7. A underwriting apparatus, the apparatus comprising:
the first receiving module is used for receiving a nuclear protection request sent by the user terminal, wherein the nuclear protection request carries an applicant identifier;
the first acquisition module is used for acquiring a corresponding first medical insurance record from the medical insurance server according to the applicant identifier;
the extraction module is used for extracting fields to be input into the applicant scoring model from the first medical insurance record;
the model calculation module is used for marking the extracted fields and inputting the marked fields into the applicant scoring model to obtain a first applicant score;
The first sending module is used for obtaining a first underwriting condition corresponding to the first applicant score and sending the obtained first underwriting condition to the user terminal;
wherein, the generating device of the applicant scoring model comprises:
a third acquisition module for acquiring training data including a third medical insurance record of the first historical year and a cost of the second historical year;
the first marking module is used for marking the training field in the third medical insurance record to obtain a training variable value;
the comprehensive evaluation value calculation module is used for obtaining an initial weight corresponding to the training variable value and calculating to obtain a comprehensive evaluation value according to the initial weight and the training variable value;
the establishing module is used for establishing a linear relation between the comprehensive evaluation value and the cost of the second historical year by adjusting the initial weight;
and the model generation module is used for generating the applicant scoring model according to the adjusted initial weight.

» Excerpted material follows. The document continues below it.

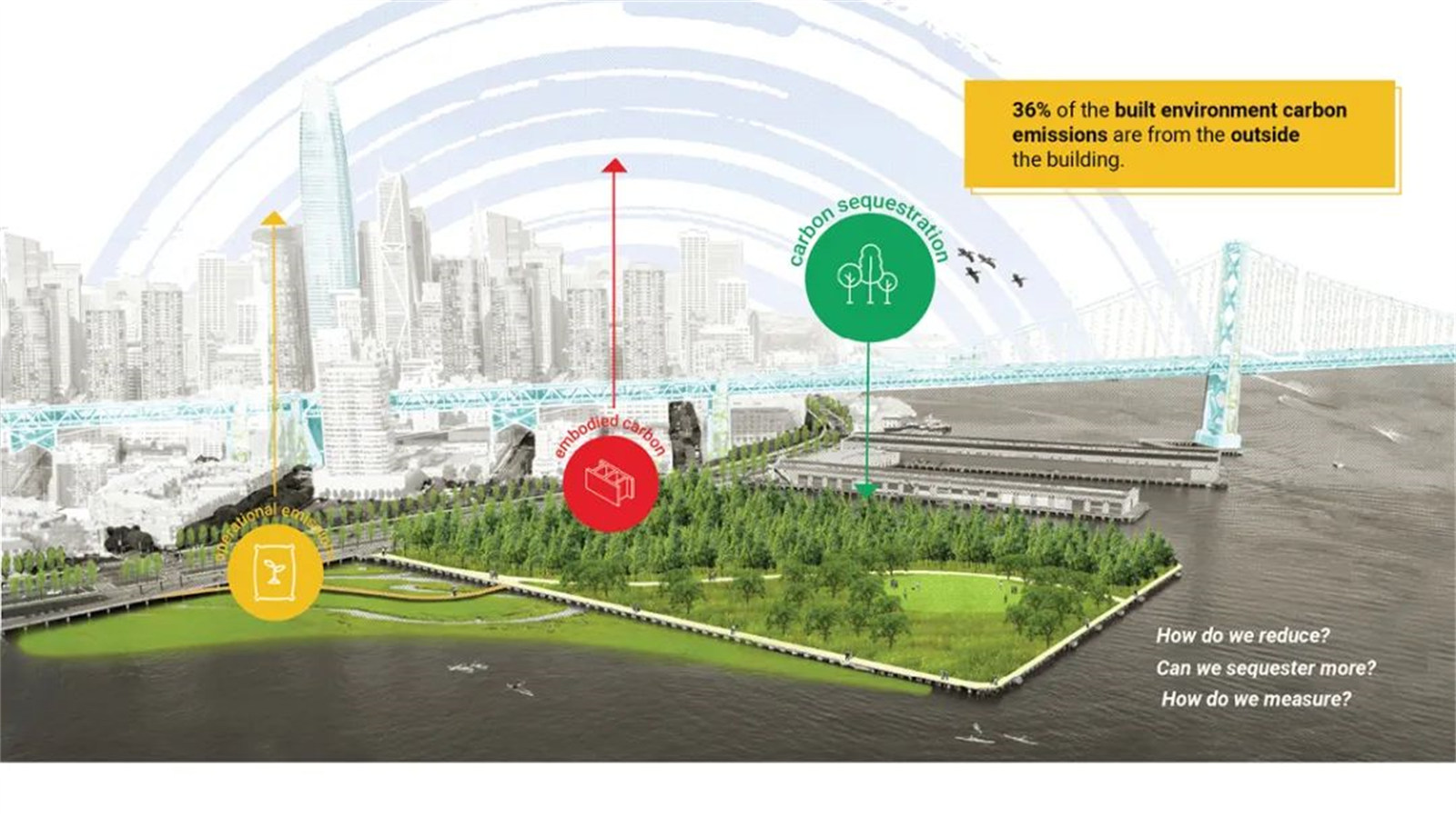 目前,我們可以展示我們是如何解決城市建成環(huán)境中75%的全球溫室氣體排放量。其中40%來自建筑物,建筑師和結(jié)構(gòu)工程師正在研究這些。另外的約35%來自建筑物外部。這是景觀設(shè)計師、規(guī)劃師和土木工程師負責(zé)的部分。我們應(yīng)該共同努力來改進這一部分。

8. The apparatus of claim 7, wherein the model calculation module comprises:
the matching unit is used for matching the extracted disease field with a first standard field in a standard disease grouping library to obtain a corresponding first grouping of the disease field, and matching the extracted medication field with a second standard field in a standard medicine grouping library to obtain a corresponding second grouping of the medication field;
The marking unit is used for marking the disease field through the first packet obtained by matching, and marking the medication field through the second packet obtained by matching.
9. A computer device comprising a memory and a processor, the memory storing a computer program, characterized in that the processor implements the steps of the method of any of claims 1 to 6 when the computer program is executed.
10. A computer readable storage medium, on which a computer program is stored, characterized in that the computer program, when being executed by a processor, implements the steps of the method of any of claims 1 to 6.